François Holland segue à letra Angela Merkel, que propôs, há um ano, uma união política. Na altura, achou a proposta vazia. Hoje, já não é o caso. Levar os alemães à letra, é uma boa estratégia. A França volta finalmente a apresentar uma ideia à mesa europeia. Mas para esta iniciativa ser credível, Hollande deverá reorganizar a França.

Na Alemanha, as declarações de François Hollande não despertaram o mesmo entusiasmo. Die Welt considera que a sua “alegada ofensiva é essencialmente constituída por medidas já apresentadas pelo seu predecessor”, quer seja o

Governo económico europeu solicitado por Sarkozy, em outubro de 2008 perante o Parlamento Europeu em Estrasburgo, ou a ideia das obrigações europeias que, por motivos estratégicos, já não se chamam eurobonds no regime de Hollande, para que sejam um dia aceites pelos alemães.

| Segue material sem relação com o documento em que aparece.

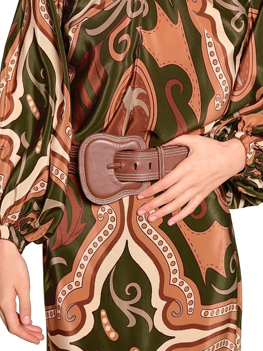 From the Micaela Collection. Crafted of luxurious silk, Johanna Ortiz’s Nuevos Territorios maxi skirt styled with a bold geometric print.
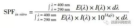 其中 E(λ)为红斑作用光谱, I(λ)为 SPF 测试的 UV 光源的辐照强度, A0(λ)为紫外照射前样品板的平均单色吸光度。

Quanto ao seu discurso sobre a Alemanha, Die Welt responde que se deve interpretar a atitude de Hollande, que consiste em “criticar fortemente a austeridade alemã, não apenas como uma posição ideológica, mas também como uma medida estratégica”:

Ao apresentar-se como aquele que luta contra o espetro do regime de austeridade defendido por Merkel, tenta obter uma maior margem de manobra que lhe permitirá, no melhor dos casos, promulgar reformas impopulares. Angela Merkel deveria portanto fazer-lhe o favor de servir de saco de boxe europeu durante mais algum tempo.